──────── Provided information ────────
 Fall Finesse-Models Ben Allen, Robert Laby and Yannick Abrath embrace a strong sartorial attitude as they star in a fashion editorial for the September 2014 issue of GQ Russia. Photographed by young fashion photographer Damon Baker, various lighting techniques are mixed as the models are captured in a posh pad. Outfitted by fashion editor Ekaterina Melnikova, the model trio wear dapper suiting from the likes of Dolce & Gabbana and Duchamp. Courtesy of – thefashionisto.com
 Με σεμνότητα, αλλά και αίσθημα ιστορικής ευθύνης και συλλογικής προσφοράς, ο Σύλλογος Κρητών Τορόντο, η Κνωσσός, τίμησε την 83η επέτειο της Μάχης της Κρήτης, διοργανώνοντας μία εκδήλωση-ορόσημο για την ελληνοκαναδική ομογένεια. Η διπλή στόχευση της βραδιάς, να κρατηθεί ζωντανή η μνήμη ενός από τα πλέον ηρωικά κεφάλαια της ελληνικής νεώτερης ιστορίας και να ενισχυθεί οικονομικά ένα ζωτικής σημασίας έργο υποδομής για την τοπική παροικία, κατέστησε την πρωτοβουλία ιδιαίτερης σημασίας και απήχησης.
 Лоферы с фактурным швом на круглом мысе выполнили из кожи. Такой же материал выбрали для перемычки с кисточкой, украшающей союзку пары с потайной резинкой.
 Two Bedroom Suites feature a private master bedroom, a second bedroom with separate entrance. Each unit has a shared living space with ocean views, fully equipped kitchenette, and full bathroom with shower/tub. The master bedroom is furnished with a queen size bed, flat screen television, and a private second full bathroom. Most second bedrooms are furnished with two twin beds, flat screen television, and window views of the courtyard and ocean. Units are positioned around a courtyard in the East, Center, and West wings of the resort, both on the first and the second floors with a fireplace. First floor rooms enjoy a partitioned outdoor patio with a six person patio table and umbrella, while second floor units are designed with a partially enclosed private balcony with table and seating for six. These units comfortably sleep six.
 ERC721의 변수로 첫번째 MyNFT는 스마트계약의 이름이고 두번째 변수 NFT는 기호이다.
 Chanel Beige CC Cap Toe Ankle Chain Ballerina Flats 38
────────
──────── Provided information ────────
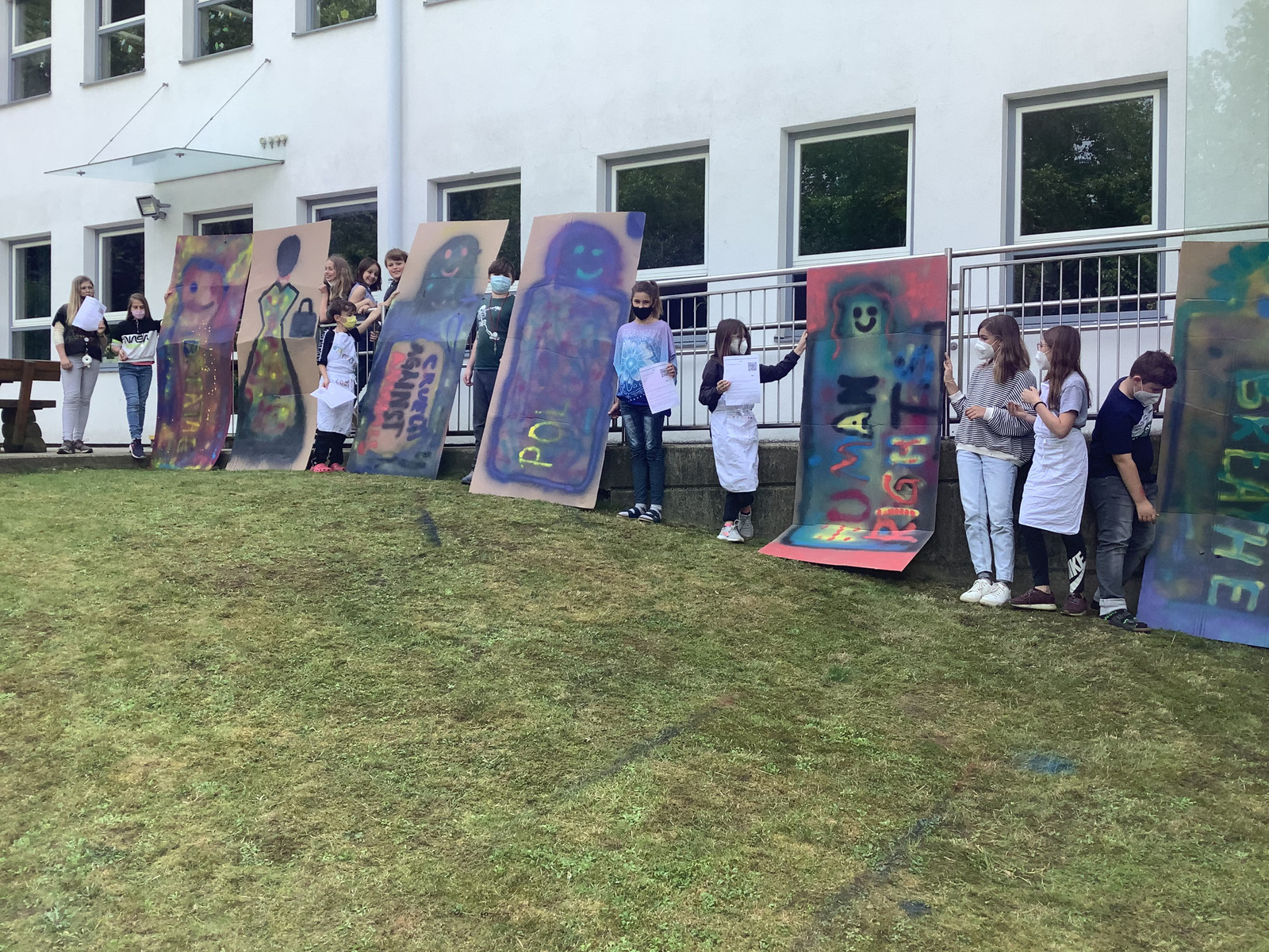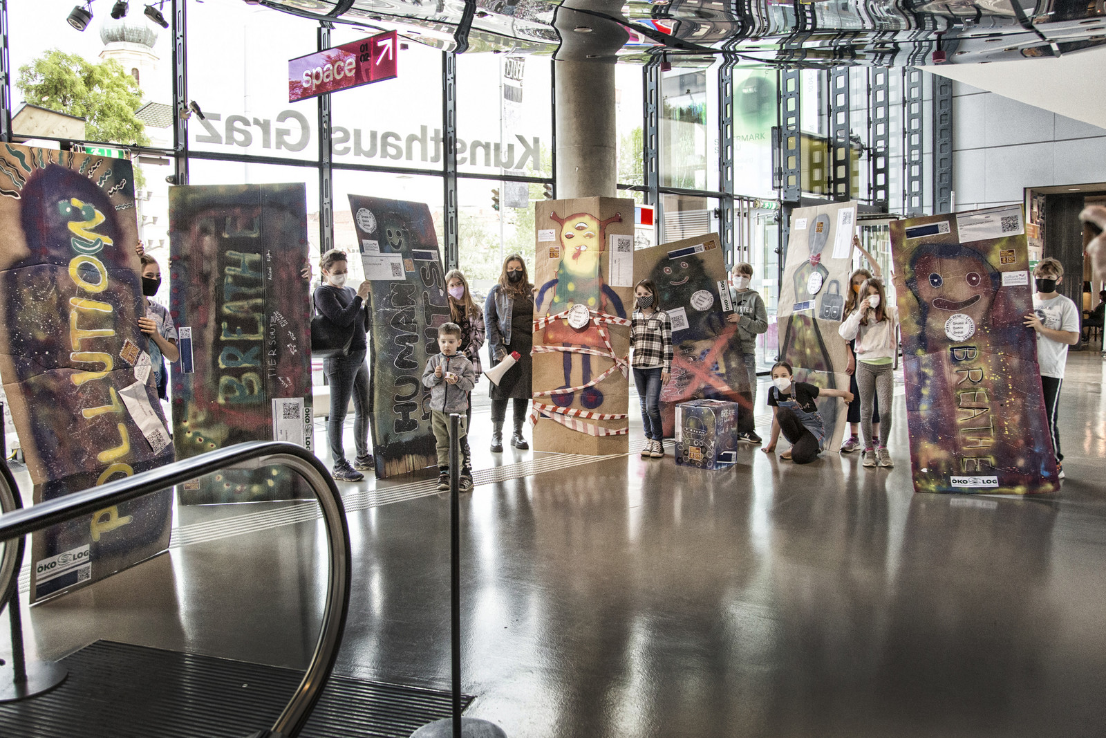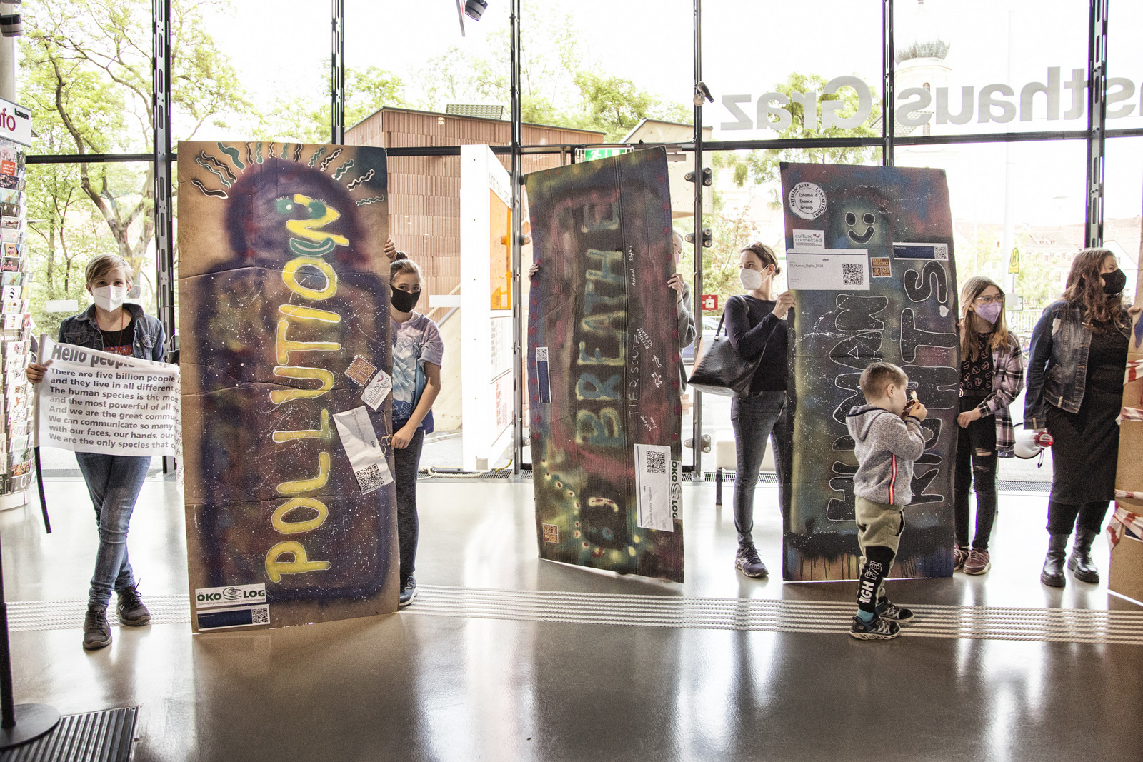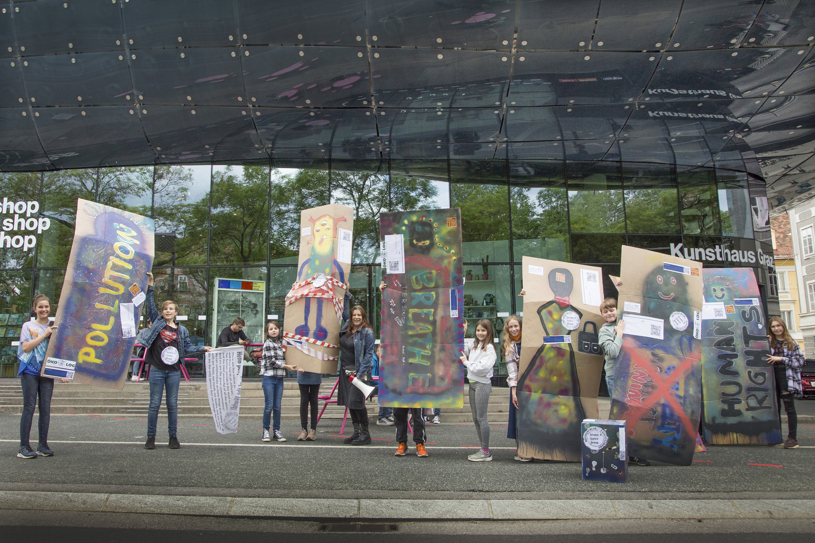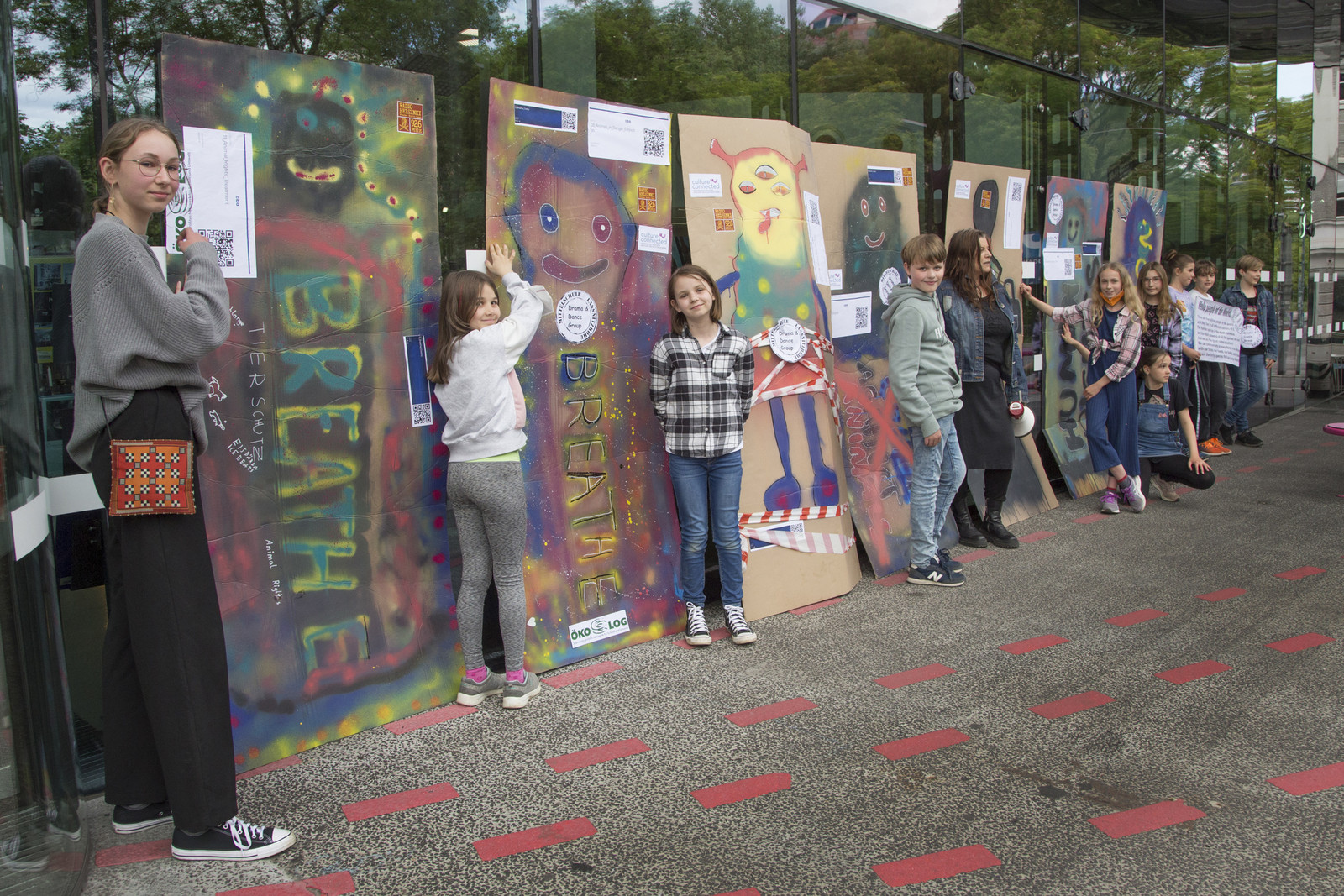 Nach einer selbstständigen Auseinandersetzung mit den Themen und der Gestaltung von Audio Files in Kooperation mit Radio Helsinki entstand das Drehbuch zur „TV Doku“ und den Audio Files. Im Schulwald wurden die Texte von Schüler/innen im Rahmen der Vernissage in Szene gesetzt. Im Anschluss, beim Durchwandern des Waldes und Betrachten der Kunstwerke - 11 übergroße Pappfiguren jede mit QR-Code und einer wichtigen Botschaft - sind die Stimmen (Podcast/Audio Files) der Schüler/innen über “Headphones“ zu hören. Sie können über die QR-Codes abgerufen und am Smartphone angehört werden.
────────
──────── Provided information ────────
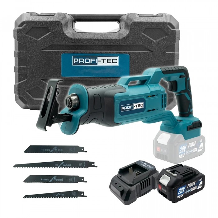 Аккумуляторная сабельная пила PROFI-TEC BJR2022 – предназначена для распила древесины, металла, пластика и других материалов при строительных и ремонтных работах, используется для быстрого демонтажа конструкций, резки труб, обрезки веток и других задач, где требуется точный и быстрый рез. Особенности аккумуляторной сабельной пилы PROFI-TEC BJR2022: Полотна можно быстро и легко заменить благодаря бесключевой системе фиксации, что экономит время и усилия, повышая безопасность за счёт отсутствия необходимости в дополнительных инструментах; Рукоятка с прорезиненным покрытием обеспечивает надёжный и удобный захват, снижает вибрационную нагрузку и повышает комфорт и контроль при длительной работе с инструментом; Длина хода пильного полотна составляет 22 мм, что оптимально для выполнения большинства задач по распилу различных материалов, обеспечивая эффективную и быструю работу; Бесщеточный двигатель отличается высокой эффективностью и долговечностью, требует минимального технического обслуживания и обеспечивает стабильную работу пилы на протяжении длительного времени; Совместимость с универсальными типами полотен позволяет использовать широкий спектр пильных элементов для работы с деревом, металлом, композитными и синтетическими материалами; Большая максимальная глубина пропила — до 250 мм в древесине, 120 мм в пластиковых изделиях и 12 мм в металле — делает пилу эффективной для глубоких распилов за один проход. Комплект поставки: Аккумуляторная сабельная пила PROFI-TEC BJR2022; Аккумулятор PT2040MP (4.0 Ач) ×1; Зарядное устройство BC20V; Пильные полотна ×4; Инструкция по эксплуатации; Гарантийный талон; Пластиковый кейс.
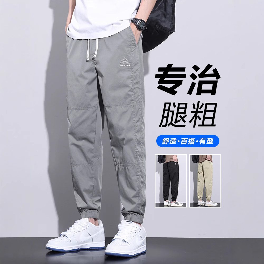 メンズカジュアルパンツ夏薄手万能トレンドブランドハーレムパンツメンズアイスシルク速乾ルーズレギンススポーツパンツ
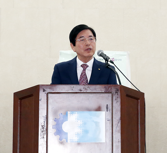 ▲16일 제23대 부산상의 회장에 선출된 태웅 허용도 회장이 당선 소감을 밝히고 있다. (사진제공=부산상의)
────────
Starting at the line that has "Fall Finesse-Models Ben" in the records above, restate word for word every line until the one that has "Лоферы с фактурным", and include that one as well.

 Fall Finesse-Models Ben Allen, Robert Laby and Yannick Abrath embrace a strong sartorial attitude as they star in a fashion editorial for the September 2014 issue of GQ Russia. Photographed by young fashion photographer Damon Baker, various lighting techniques are mixed as the models are captured in a posh pad. Outfitted by fashion editor Ekaterina Melnikova, the model trio wear dapper suiting from the likes of Dolce & Gabbana and Duchamp. Courtesy of – thefashionisto.com
 Με σεμνότητα, αλλά και αίσθημα ιστορικής ευθύνης και συλλογικής προσφοράς, ο Σύλλογος Κρητών Τορόντο, η Κνωσσός, τίμησε την 83η επέτειο της Μάχης της Κρήτης, διοργανώνοντας μία εκδήλωση-ορόσημο για την ελληνοκαναδική ομογένεια. Η διπλή στόχευση της βραδιάς, να κρατηθεί ζωντανή η μνήμη ενός από τα πλέον ηρωικά κεφάλαια της ελληνικής νεώτερης ιστορίας και να ενισχυθεί οικονομικά ένα ζωτικής σημασίας έργο υποδομής για την τοπική παροικία, κατέστησε την πρωτοβουλία ιδιαίτερης σημασίας και απήχησης.
 Лоферы с фактурным швом на круглом мысе выполнили из кожи. Такой же материал выбрали для перемычки с кисточкой, украшающей союзку пары с потайной резинкой.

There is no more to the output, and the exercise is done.